Behind Your Eye refers not only to the mind but also to visual perception, light and the metaphor of photosensitivity. In their work, the Starns incorporate images of neuronal synaptic arbors overlapped and intertwined with dentritic tree branches, underscoring the connection of the internal and external worlds. The entrance of the Theater Gallery is a site-specific walkthrough Shoji screen (10 x 50-foot photo-collage), Structure of Thought 7. Sliding panels provide access to the exhibition arranged and lit as a study library displaying neuronal scroll tables, the preliminary hand-made books of a 2-volume dos à dos livre d’artiste, and 60 images of nocturnal moths from Attracted to Light, individually encased in lepidoptera-like specimen boxes dispersed on 33 desks. Floating on the far wall of the gallery, a multi-paneled digital video still (ATL Film Still 14, 10 x 30 feet: a constellation of moths, evanescent thresholds into the Starns' "Gravity of Light" concept), the side gallery walls are flanked with digitally printed segmented leaves (Black Pulse—the discarded photosensitive heart and lungs of trees).

In the adjacent gallery, on an ethereal transparent scrim is a large-scale dual-channel video projection, "Structure of Thought" (8 minutes), an approximation of the non-linear process and architecture of thought; a living dendritic accumulation of intersections and layers.
“The structure of thought is not sequential. It is layers upon layers of ideas, all connected or able to connect. None of the ideas necessarily comes first; the connections are part of the whole. There is order to this confusion by the simple fact that they are connected. (…) We can’t see where all the limbs go but we know they are separate and connected, like capillaries in your body or in a leaf.” (Lange, 1975)
The film renders the processing of information, overlapping layered images of branches and dendrites portraying layered conduits carrying the foundations of thought.

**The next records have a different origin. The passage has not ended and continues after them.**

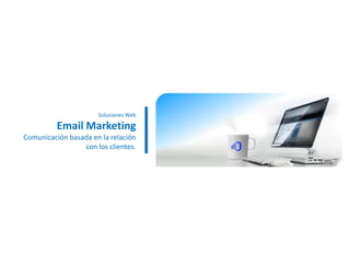 Este documento describe los servicios de email marketing que incluyen el diseño e implementación de plantillas de email, capacitación y soporte anual. Explica que el email marketing permite administrar contactos, grupos, eventos y plantillas para comunicarse con los clientes. También menciona que la solución se basa en tecnología PHP, MySQL, ASP o SQL server.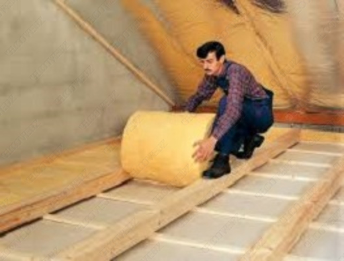 - Сверху слой утеплителя ничем не накрывают, но при необходимости передвигаться по чердачному полу монтируют недорогое напольное покрытие или раскладывают доски.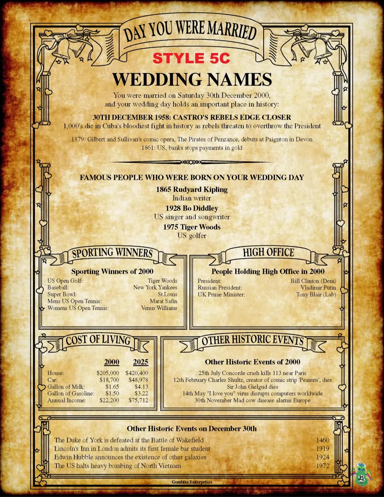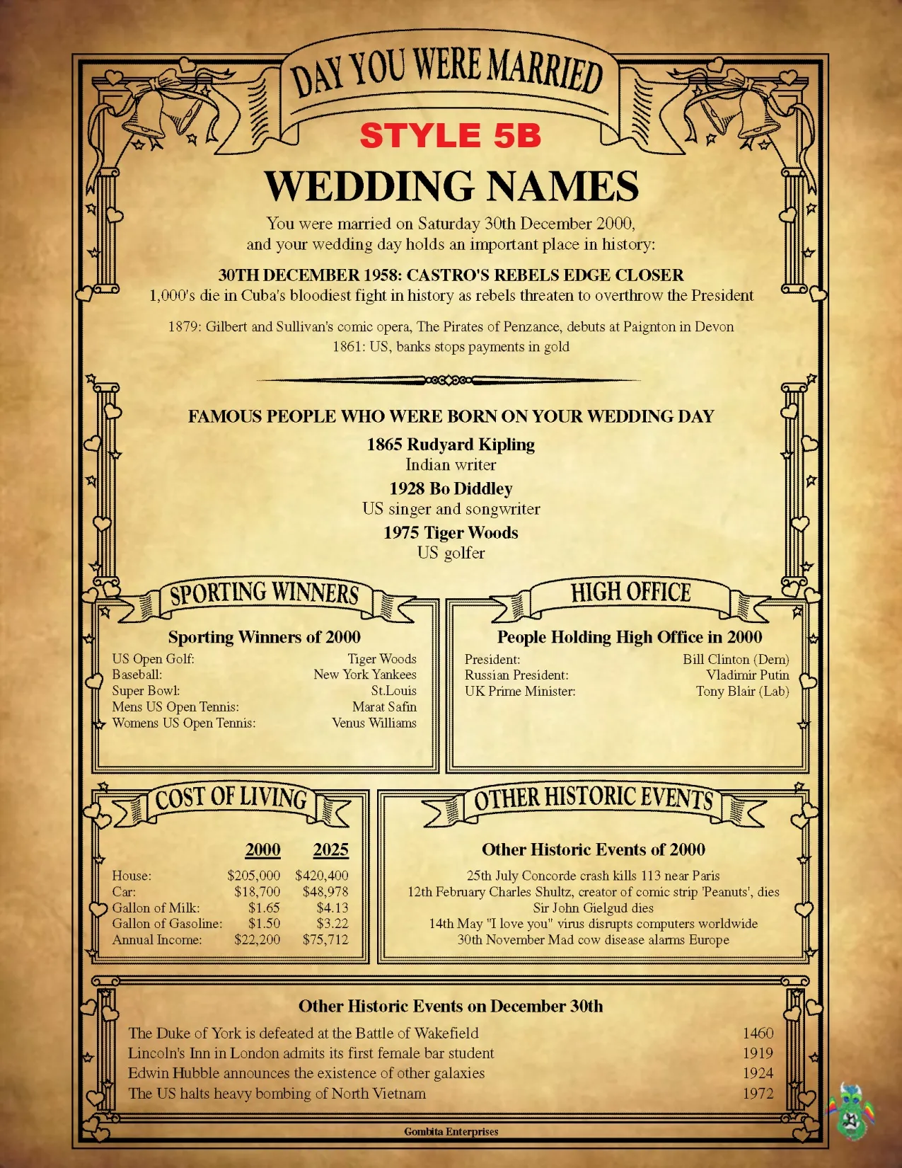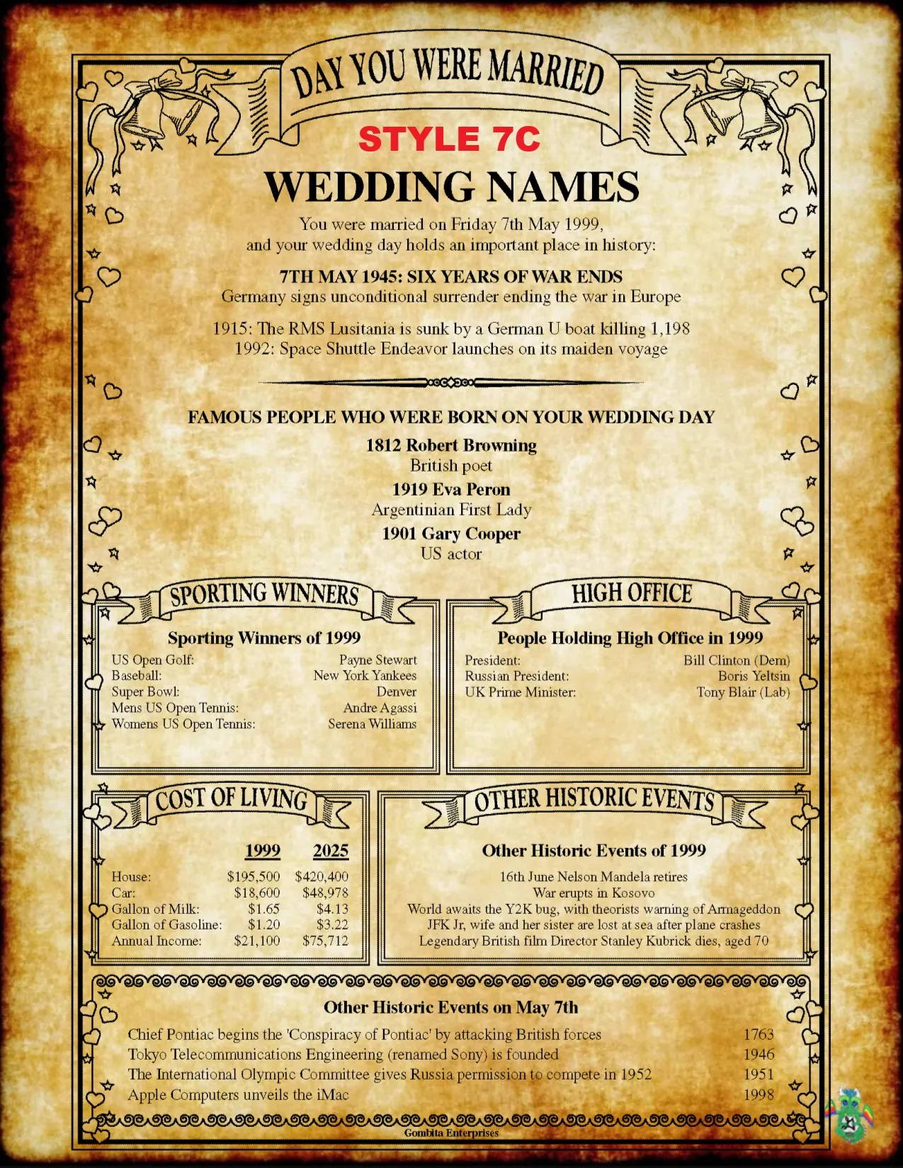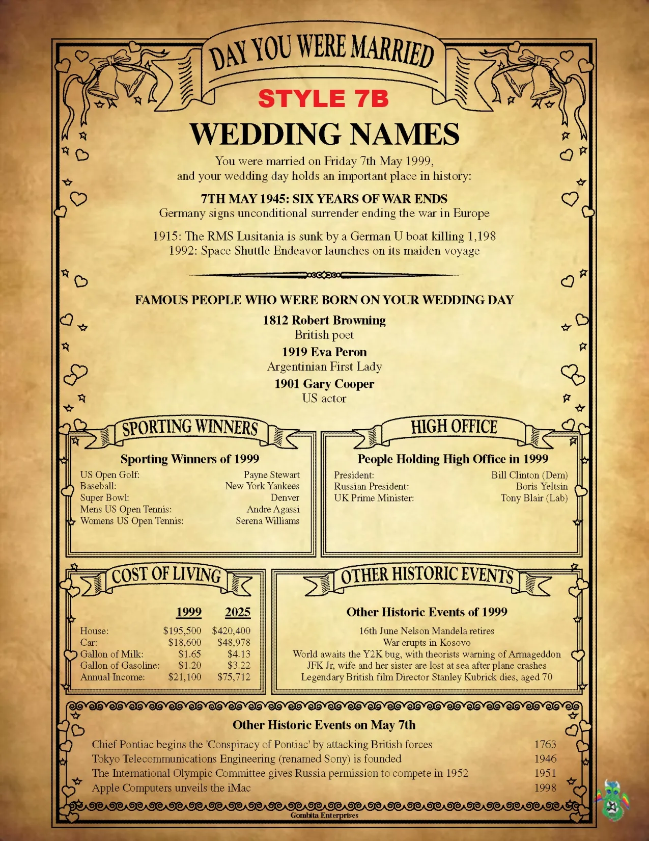 This is a great inexpensive Personalized Keepsake Wedding gift, showing Stores, Nostalgia and Past History from the date you were Married!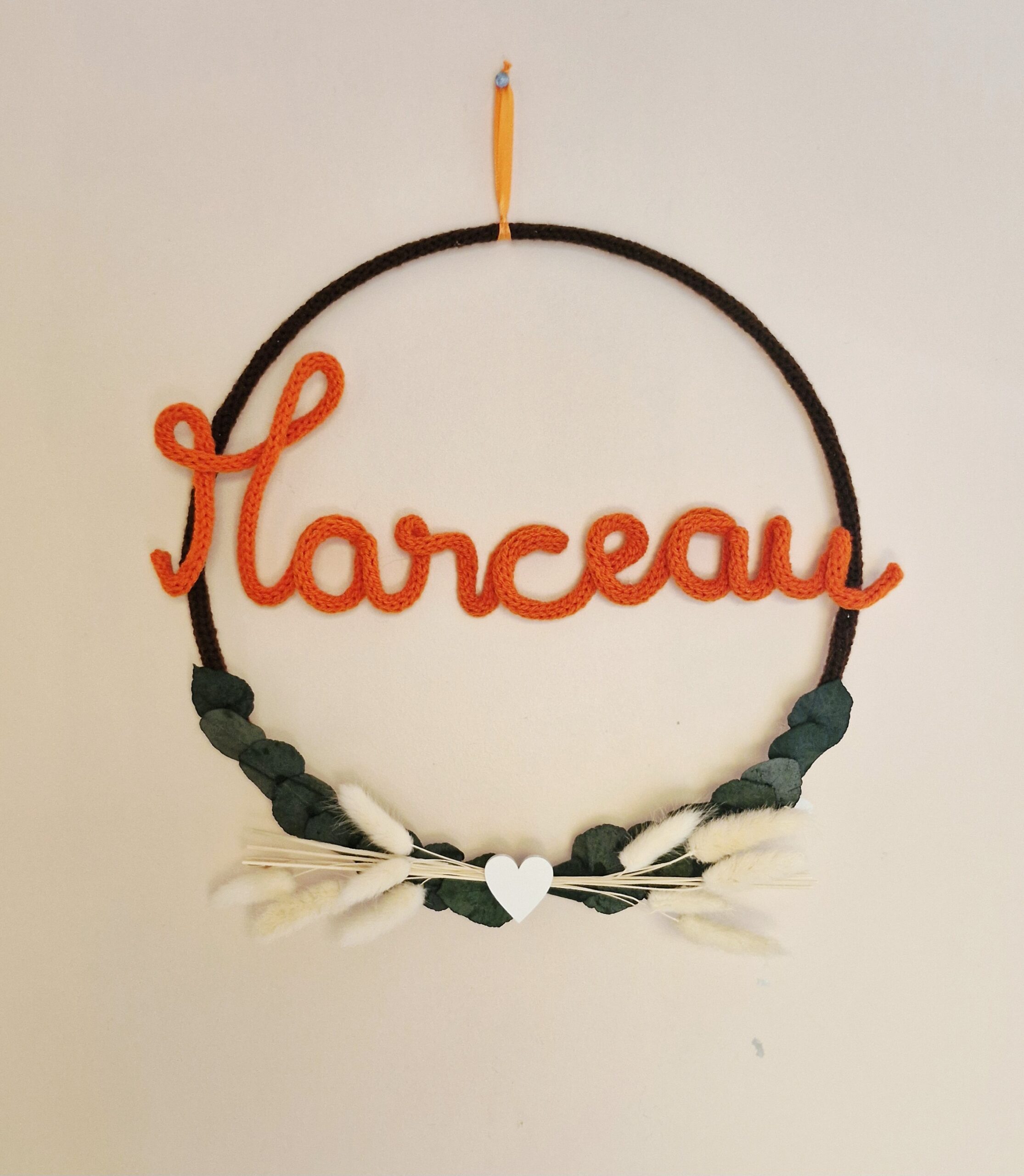 La couronne de fleurs personnalisée apportera une touche de douceur pour décorer la pièce que vous aurez choisi de votre maison. Elle est composée d’un cercle en tricotin et fleurs séchées.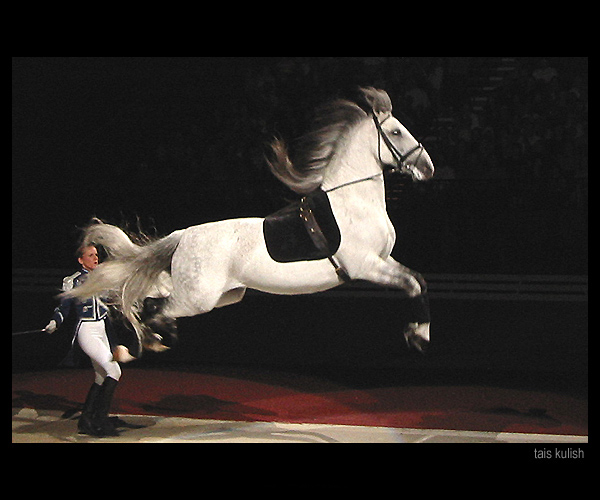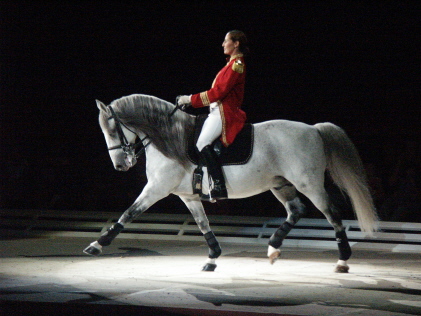 "Испанский" манеж построен в Вене еще императором Максимилианом II в 1572 году. Традиция публичных представлений появилась в Испанской высшей школе верховой езды в 1920 году. Школа дает спектакли три раза в неделю, с марта по декабрь, в основном по выходным. В июле-августе перерыв — у лошадей каникулы, кроме того, школа может уехать на гастроли, О том, насколько это зрелище популярно среди зрителей, говорит тот факт, что билеты рекомендуется заказывать заранее, так как сидячие места раскупаются за не сколько недель до представления. Помимо спектаклем можно попасть и на "утрем нюю работу" — показатель ные тренировки, где все к же элементы верховой езды исполняются без музыкального сопровождения, и можно увидеть работу молодых жеребцов, пока не задействованных в спектаклях. Вся деятельность школы сведена к пышным театрализованным представлениям. Венская школа укомплектована исключительно жеребцами липицианской породы. Под звуки классической музыки появляется смена всадников на белоснежных липицианских жеребцах и начинается красивый спектакль. Берейторы демонстрируют элементы высшей сложности: пиаффе, пассажи, пируэты, перемены ног на галопе, работу лошадей 'в руках", школьные прыжки, работу лошади на длинных поводьях (лонжах) без всадника, большую школьную кадриль и па-де-де. Конечно, "высший пилотаж" — школьные прыжки. Лошади для этой цели должны быть отобраны не только по своим физическим данным, но и отличаться своими природными способностями к школьным прыжкам. Считается, что жеребцы липицианской породы наиболее способны к этому упражнению. Школьные прыжки — исключительное по своей красоте зрелище. Они требуют большого искусства в подготовке лошади и смелости всадника. Во время выполнения школьных прыжков, к которым относится курбет, лансада, баллотада и каприоль, лошадь отделяется от земли всеми четырьмя конечностями. Курбет — школьный прыжок, при котором лошадь, стоя на задних ногах и с поднятыми над землей передними ногами, делает прыжок вверх и вперед и приземляется на задние ноги. Лансада — прыжок лошади вперед на передние ноги с хорошо согнутых задних ног. Так иногда поступают норовистые лошади, желая вырвать повод или сбить всадника. Круппада — положение лошади, как при курбете, но после прыжка с задних ног лошадь приземляется на то же самое место и на передние ноги, Баллотада отличается от круп-пады только положением задних ног. В круппаде, находясь в воздухе, лошадь все четыре ноги держит поднятыми к животу, в баллотаае задние ноги более разогнуты, лошадь как бы показывает свои подковы и, приземлившись на все четыре ноги, переходит в пиаффе. Каприоль — этот прыжок часто называют оленьим. Лошадь, стоя на задних ногах, стремительно и сильно отталкивается от земли вверх и вперед. Это самый эффектный и самый трудный школьный прыжок. Посадка всадника должна быть очень прочной: лошадь при отталкивании и отбивании задними ногами создает сильные толчки, выбивающие из седла (у седла при выполнении каприоля отстегиваются стремена). Традиционная униформа образца XVIII века как нельзя лучше соответствует обстановке и самому спектаклю: шляпы-"треуголки", темно-коричневые сюртуки и ботфорты у всадников, витые мундштуки и раззолоченные оголовья у лошадей. За гармонией и легкостью, с которой исполняются сложнейшие элементы, ст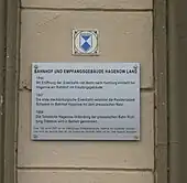 As a starting point of the first railway line towards Mecklenburg-Schwerin Hagenow Land station was equipped with the standard equipment for the maintenance and repair of railway rollingstock. These still exists, but in a highly dilapidated condition. There was a depot (Bahnbetriebswerk), which was located on the south side of the line towards Ludwigslust. It had among other things, a roundhouse with ten stalls and a turntable. Another very similar building nearby suggests a second roundhouse, but all traces of a turntable and sidings that probably once existed have disappeared. There are other sidings and a shed on the property. A former water tower, which is about 30 m-high, is located near the station building. This eleven-storey high, Brick Expressionist construction was built in 1926.[8] It is in a highly dilapidated condition and is a heritage-listed building.[9]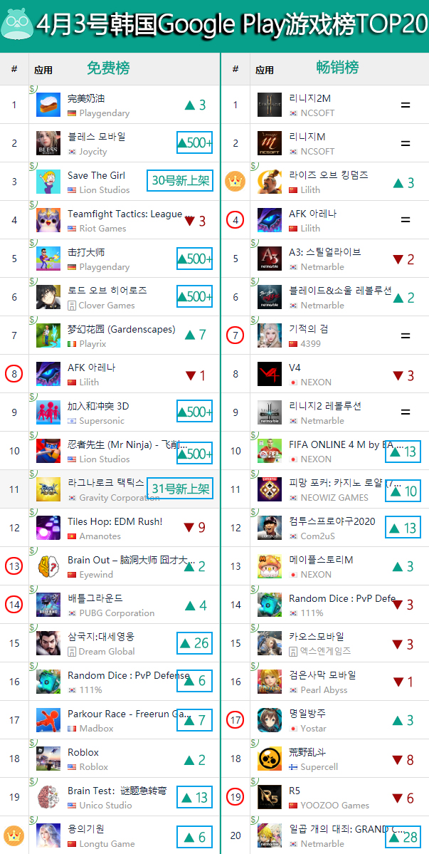 还是先从韩国市场开始:(由于韩国市场的手机平台构成极不平衡,所以我们取用的数据是在当地占据绝对优势的Google Play市场数据)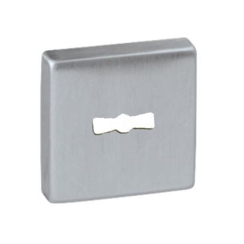 Zártakaró rozsdamentes alapanyagból szálra csiszolt felülettel. Fém belső résszel, rejtett csavarozással. Méret: 51 mm x 51 mm.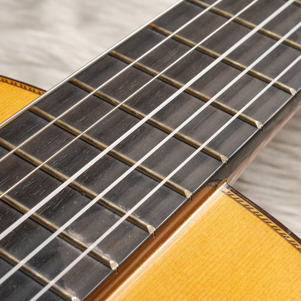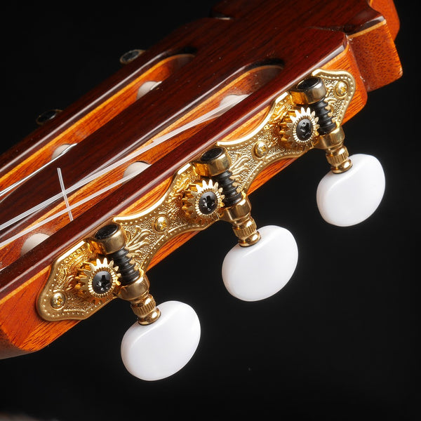本器は、同ブランドのラインナップにおいて中核を担う、非常にコストパフォーマンスに優れたミドルクラスモデルです。厳選された木材と伝統の技が融合し、スペイン製ギターの魅力を存分に味わえる仕上がりとなっています。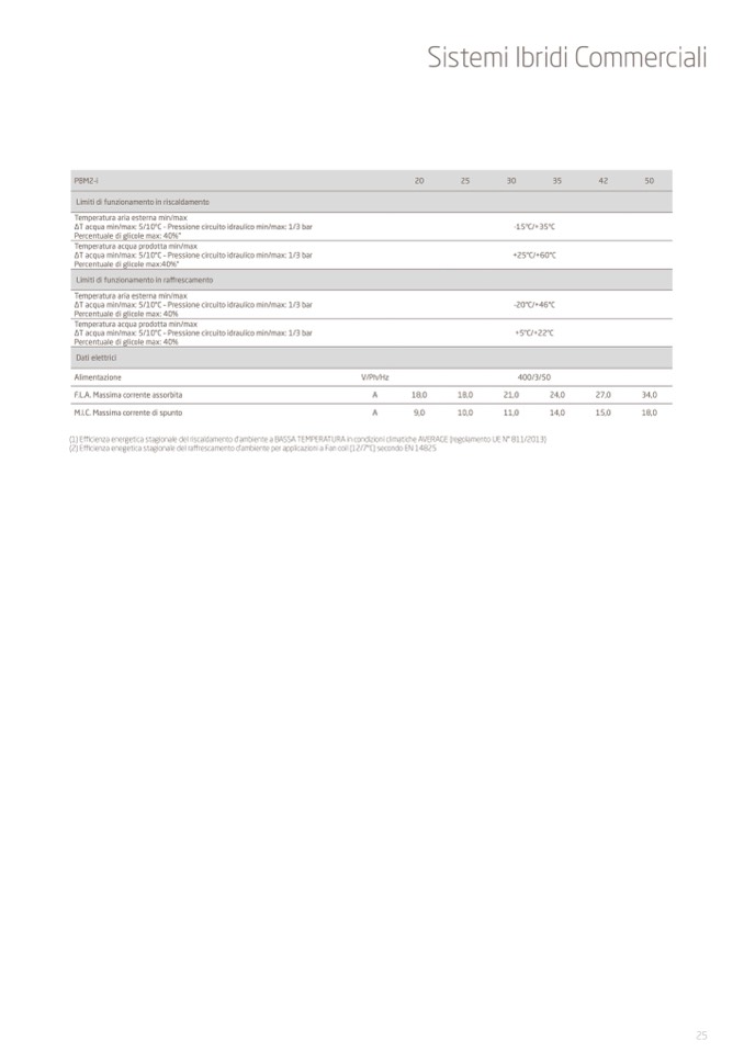 (2) Efficienza enegetica stagionale del raffrescamento d'ambiente per applicazioni a Fan coil (12/7°C) secondo EN 14825

Nowhere to Fall (download video)


The Starns have written, “The classical metaphor of light is knowledge and information. Trees are literally a recording of light, growing, through photosynthesis, towards the source. Trees are mostly carbon (and the allotrope of carbon most familiar is black). Black is, in the color spectrum, literally the absorption of all visible light. We use this symbolically in our silhouetted images of trees; in this understanding, we relate the black of body of the trees to the black of written information, the black ink on the pages of books through thousands of years of transcribed thought and creation. The Sun writes of its complex knowledge and describes itself, the trees as containers of comprehensive information and layered knowledge. The interconnectedness of trees-branches over branches into branches. Web, network, synapses, like dendritic neurons in the brain. The network of information and links. The pictogram nature of Chinese calligraphy is in relation to the silhouetted form of trees; the layered dendritic branches are in relation to the complexities of knowledge, understanding, memory and imagination. These trees are light written in the calligraphy of the sun.”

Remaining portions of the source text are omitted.